** Exercise goal **
Transcribe exactly, and only, the lines running from the one that contains "Vnitřní světlost mezi" through the last line of the material. No pictures.

** Given data **
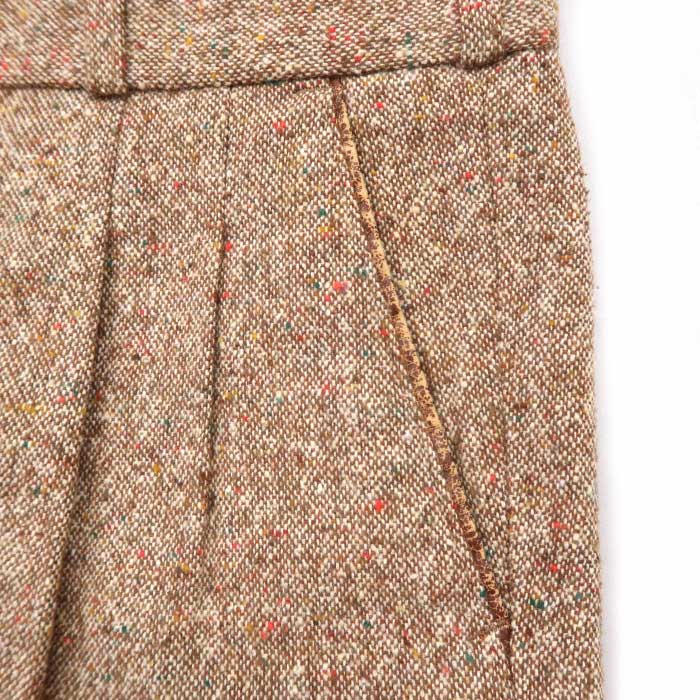 古着 ツイードパンツ スラックス ブーツカット フレアパンツ ツータック ブラウンベース サイズ表記:W32L32 gd74335
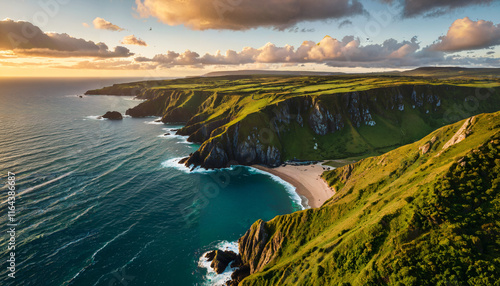 Falaises verdoyantes au bord de l'océan au coucher du soleil
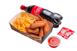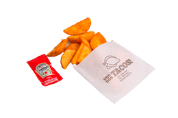 В пшеничную тортилью заворачивается на выбор: говядина или курица стейк или ассорти, картофель фри, салат кол слоу, сальса классическая и соус Тар Тар. Далее это все обжаривается в тортильи на плите
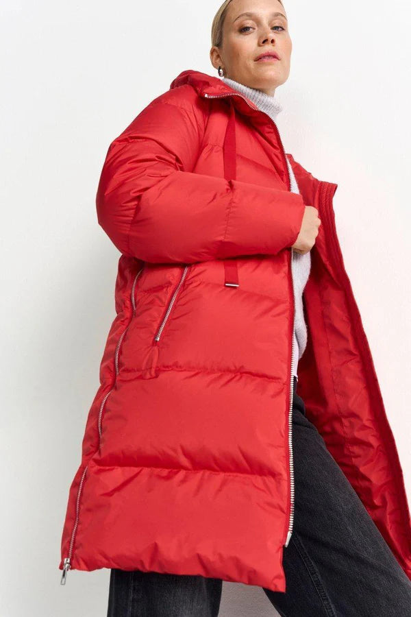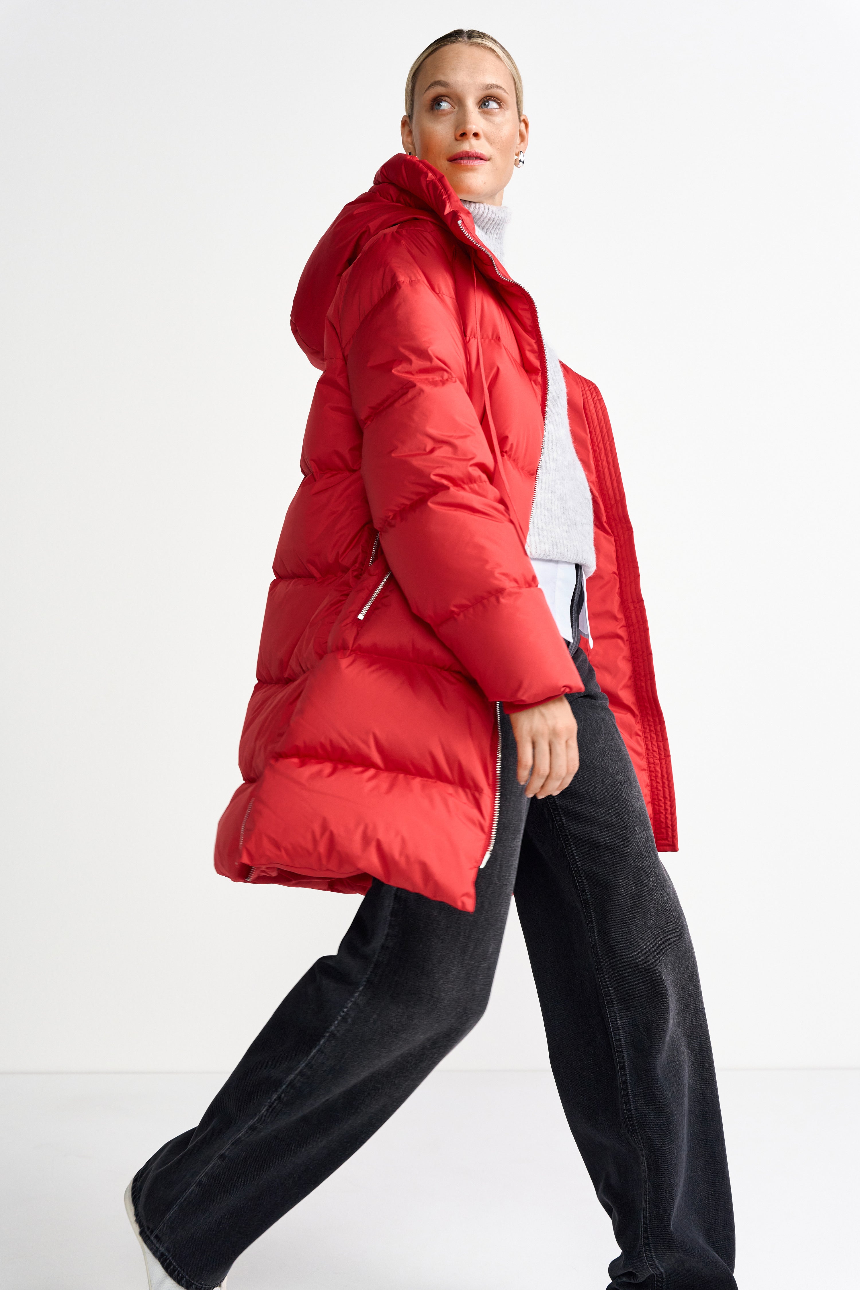 Hlý og mjúk dúnúlpa með hettu.  Rennilás á hliðum fyrir aukin hreyfanleika 80% Dúnn og 20% Fjaðrir 100% Polyester
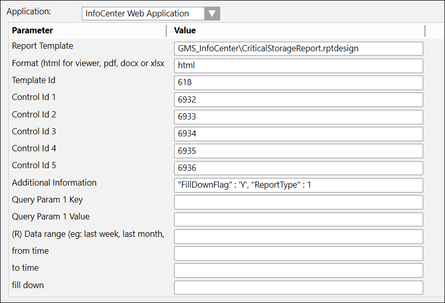 Template and Control IDs will not be the same as the example below. These values vary depending on the user and on the details of the reports in the InfoCenter database.
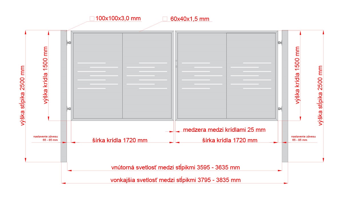 Vnitřní světlost mezi sloupky: 3560 – 3600 mm.
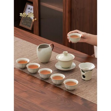 宋辭米黃汝窯功夫茶具套裝家用2025新款蓋碗茶杯高檔輕奢泡茶壺
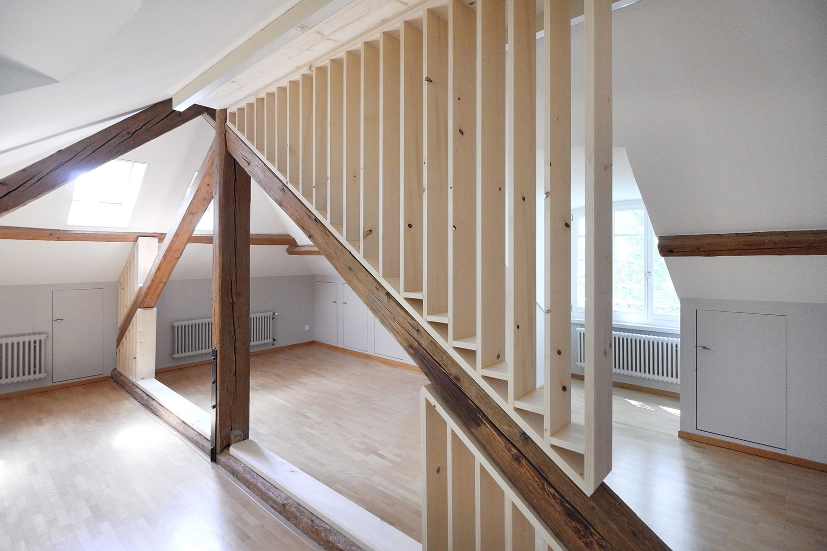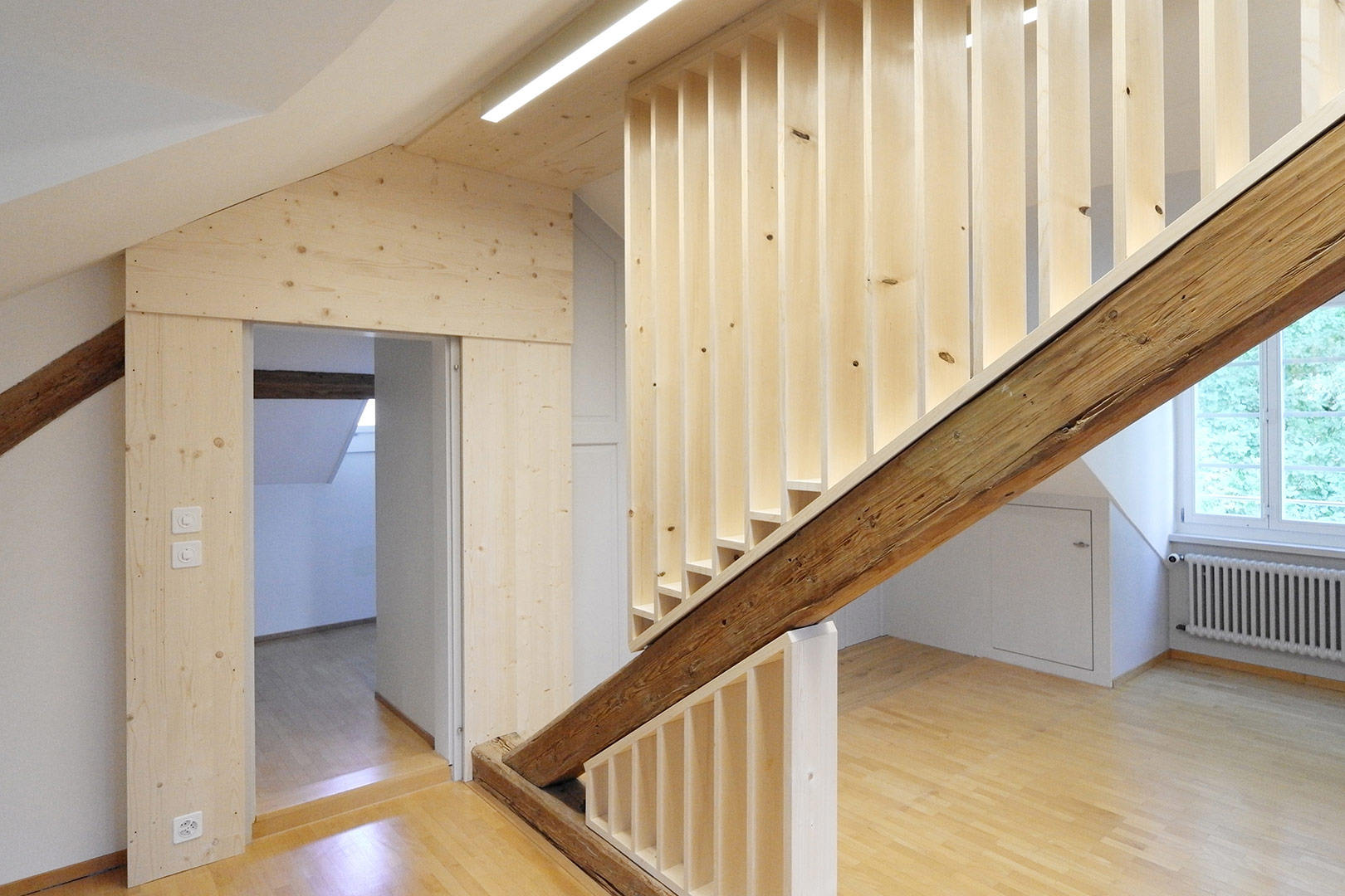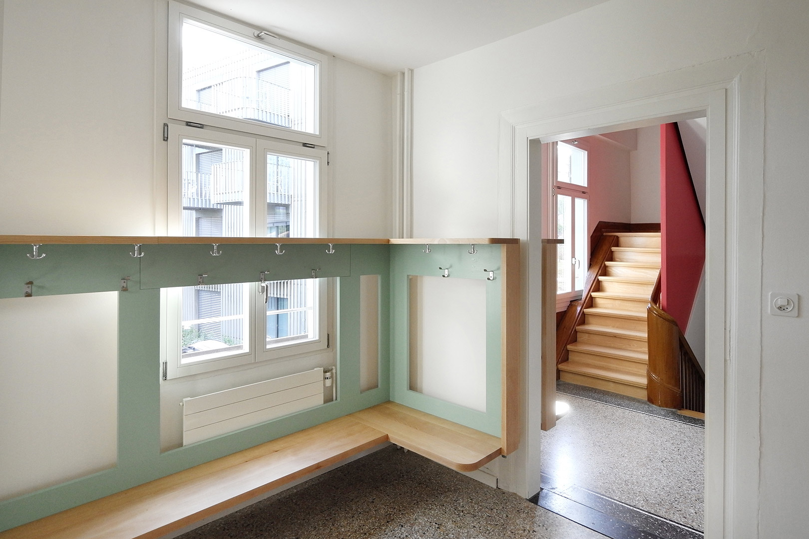 Das 2005 in eine Wohnung umgebaute Ober-und Dachgeschoss wurde durch einen sorgfältigen Umbau mit minimalen architektonischen Eingriffen in einen Kindergarten umgestaltet.

** Output **
 Vnitřní světlost mezi sloupky: 3560 – 3600 mm.
 宋辭米黃汝窯功夫茶具套裝家用2025新款蓋碗茶杯高檔輕奢泡茶壺
 Das 2005 in eine Wohnung umgebaute Ober-und Dachgeschoss wurde durch einen sorgfältigen Umbau mit minimalen architektonischen Eingriffen in einen Kindergarten umgestaltet.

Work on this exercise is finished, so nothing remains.